I will tell you, why you should avoid a price war?

Majority of price wars are not successful. Companies often start a price wars with various intentions, but market conditions and customer mindset often doesn’t allow it to go all the way. You would mostly end up burning your profit margin and eventually get back to the original pricing.

That’s why you should avoid price wars as much as possible, until of course, it poses a serious threat to your business. If you sense that certain price war is taking away your market share and is not under control, you have no option, but to jump in the big pricing war.

How to win a price war?

Since you have no option but to engage in a price war, it’s time to do some serious thinking. You could basically win a price war with three practically proven strategies.

  1. Change your product segment : If you are seeing tough competition in your market segment, it’s a good choice to change your market segment altogether. Apple is the most suitable example for it.

Have you ever seen Apple competition in price wars in it’s segment? No right? That’s because Apple has created a whole another level where prices not really matter. If you go on Apple website and check their products, prices would be the last thing that you would see. That’s because customer don’t buy apple products based on it’s price but it’s quality.

This strategy seems very cool but it’s extremely hard to apple successfully. Apple is a suitable example to prove the failure of this technique as well. Apple tried to jump into maps segment but failed miserable. You remember Apple maps right? Apple took it down in less than a year and lost almost 5 Billion on it.

  1. Make your products stand out : If you can’t change your market segment, to win a price war,  you have to apply breakthrough strategies. It could be extensive marketing or for that matter great customer service.

To prove success of extensive marketing, you could consider the case of Vivo and Oppo in India and other asian countries. These two chinese mobile brands have captured huge market share by heavily advertising their products. In the age of mobile brands like Samsung, Xiaomi, Motorola, Nokia etc, these two companies Vivo and Oppo have together captured 38% of the Indian market share in the range of 10000-20000.

If you want to consider great customer service, you can take the example of Amazon.

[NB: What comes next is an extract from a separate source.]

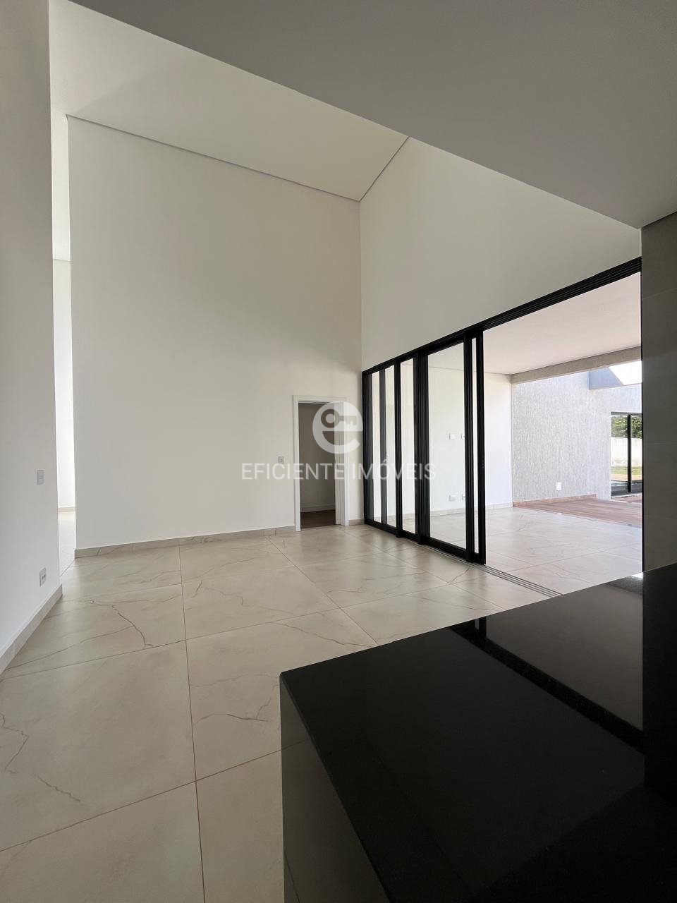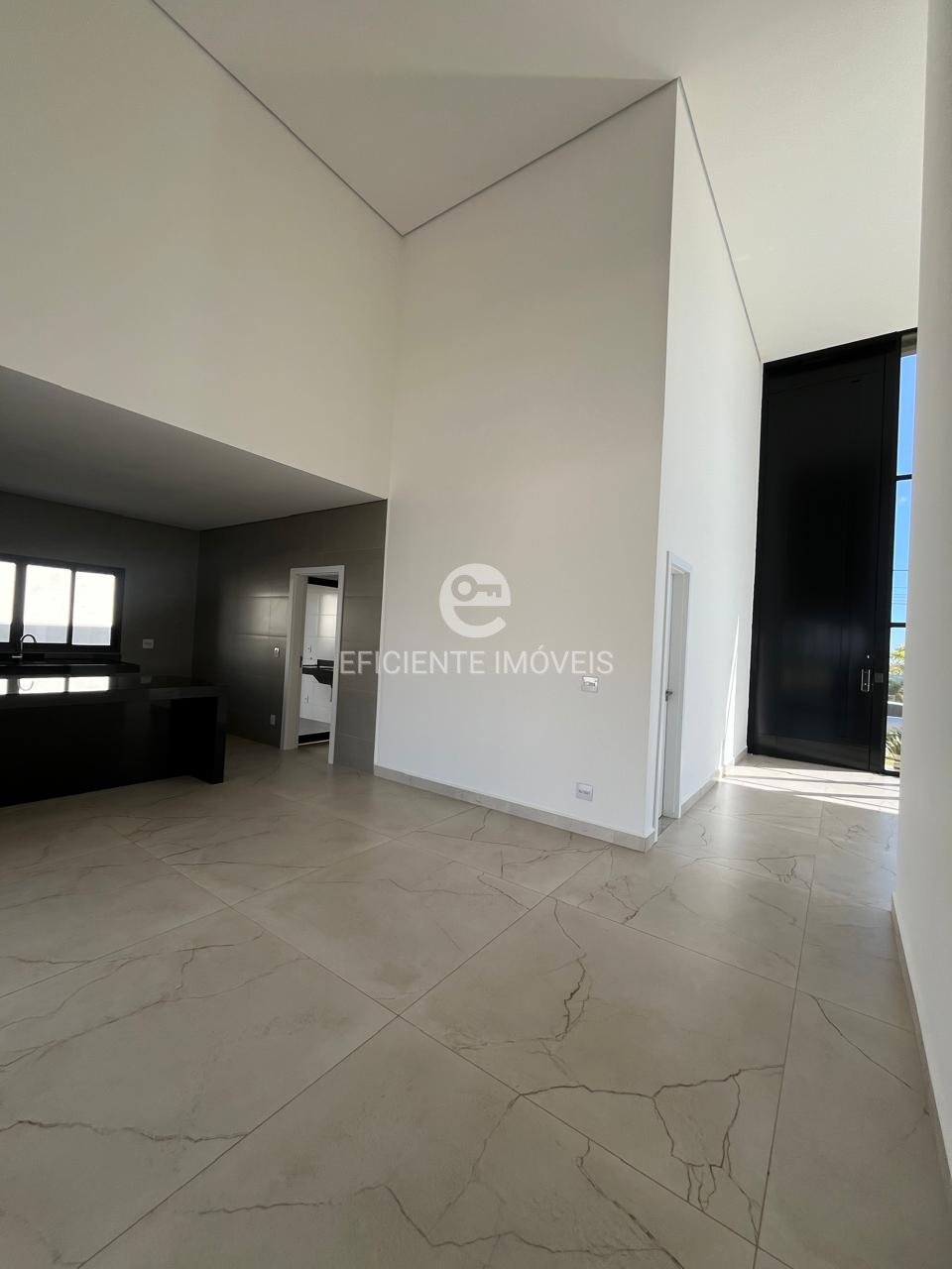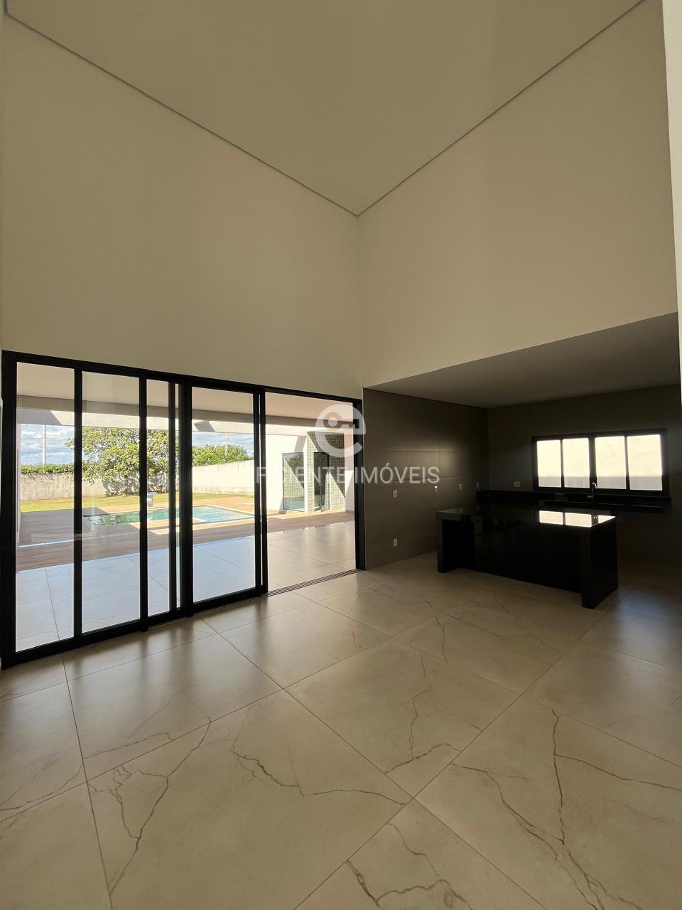 Sala de estar com pé-direito duplo, integrando-se harmoniosamente à cozinha americana e ao espaço gourmet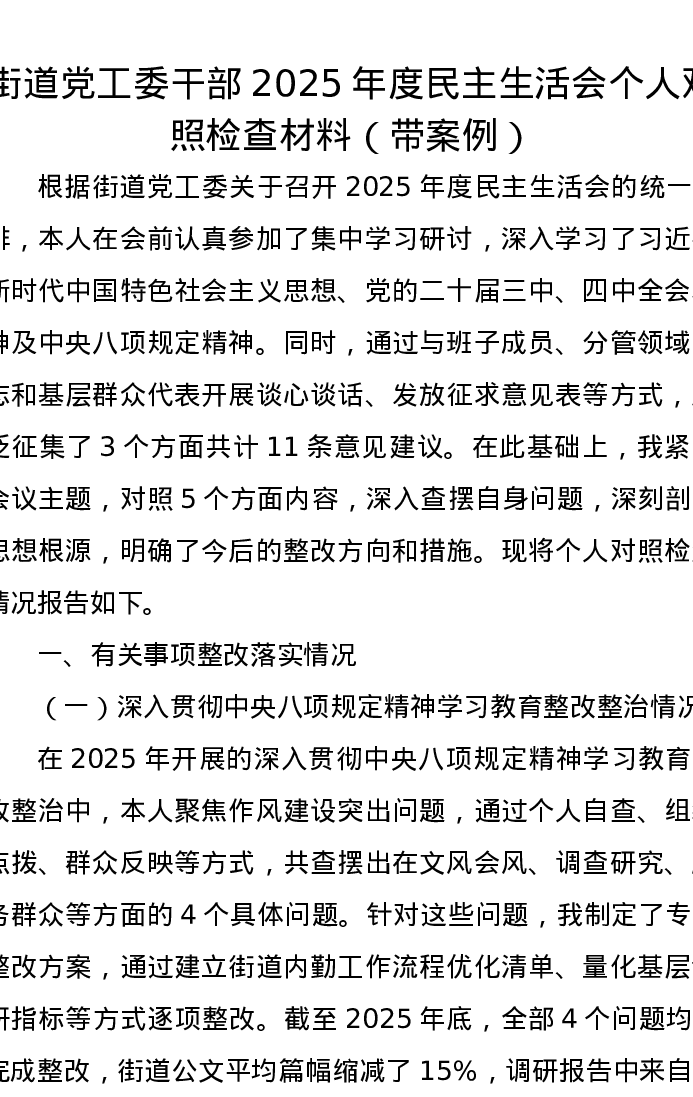 街道党工委干部2025年度xxxxx个人对照检查材料(带案例)

E-commerce market was hugely dominated by E-bay and other small players. Today Amazon’s market share is close to 45% in the world with the presence of big players like Alibaba, E-bay and flipkart.

Jeff Bezos gives the credits to the customer satisfaction his company has provided over the years.

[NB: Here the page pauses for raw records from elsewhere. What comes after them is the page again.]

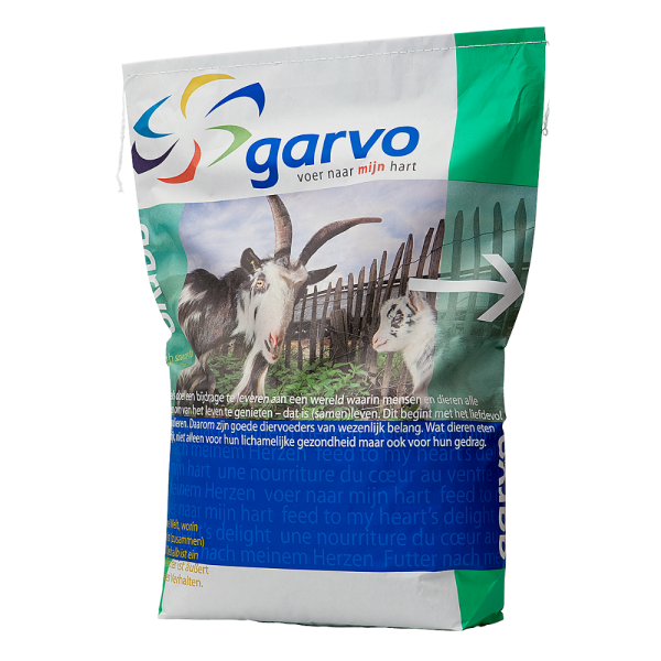 The nutritional guidelines are only an indication. The amount of feed is partly dependent on the condition of the animals. • Summer: for dwarf goats (8 - 10 kg) 80 gram and goats (18 - 25 kg) 150 gram. • When less than 5º C and/or low roughage supply: for dwarf goats (8 - 10 kg) 170 gram and goats (18 - 25 kg) 300 gram • End of gestation and lactation: dwarf goats (8 - 10 kg) 220 gram and goats (18 – 25 kg) 400 gram. • Kids definitely need colostrum milk. Let them suckle the mother at least 8 weeks. After about 14 days let the kids eat along with 1020 alfamix goat and hay. In that way their ruman/stomach develops correctly early on. From 8 weeks on, feed kids daily about 1.5 procent of their bodyweight with 1020 alfamix goat. • Make sure there are enough feeding spots and that there is always enough fresh drinking water. • Make sure that the goats have a continuous supply of roughage in the form of hay or grass and straw.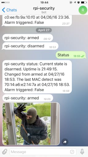 If the system is in an armed state and motion is detected then a message with the captured image is sent to you from the Telegram bot.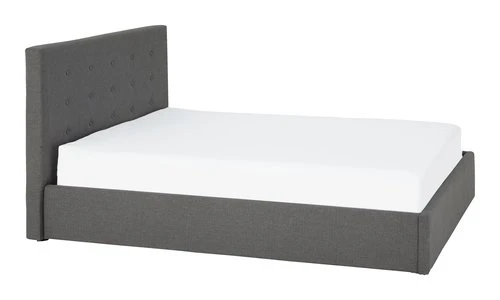 Cadre : acier, MDF, lamibois. Rembourrage : mousse PU (22 kg/mÂł). RevĂŞtement : 100% polyester (290 g/m²). Pieds : polypropylène. Avec coffre de rangement. Couchage : 140×200 cm. Inclus sommier Ă lattes. Exclu matelas. l159 x L217 x H112 cm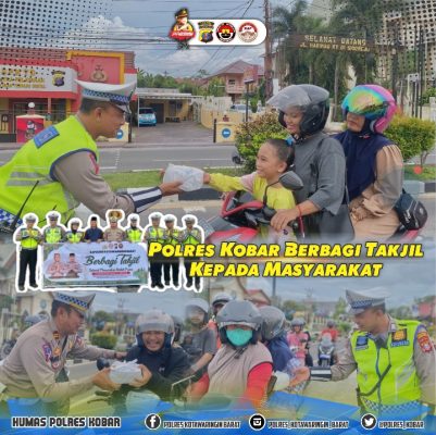 Kapolres Kobar AKBP Yusfandi Usman, S.I.K., M.I.K. melalui Kasat Lantas AKP Ghanda Novidiningrat Gunawan, S.I.K., M.H., menjelaskan bahwa salah satu tujuan kegiatan pembagian takjil ini adalah untuk lebih mendekatkan diri antara Polri khususnya anggota Polres Kobar dan jajaran dengan masyarakat serta mengajak kepada personil untuk dapat memaknai bulan suci Ramadan yang penuh rahmat ini dengan lebih peduli dan berempati terhadap sesama.

  1. Stay competitive and keep fighting : If you think it’s extremely risky to try something new, you can stay afloat in the market by continuously fighting in this price war. You can keep an eye on your competitor’s prices and adjust your’s accordingly.

This is what’s happening in Indian telecom industry. Though the companies like Airtel, Vodafone and Idea are suffering immensely with the advent of Reliance Jio, they are keeping themselves alive by competitive pricing. This strategy could be profit eating in the beginning, but it will help you survive through the ‘price war’.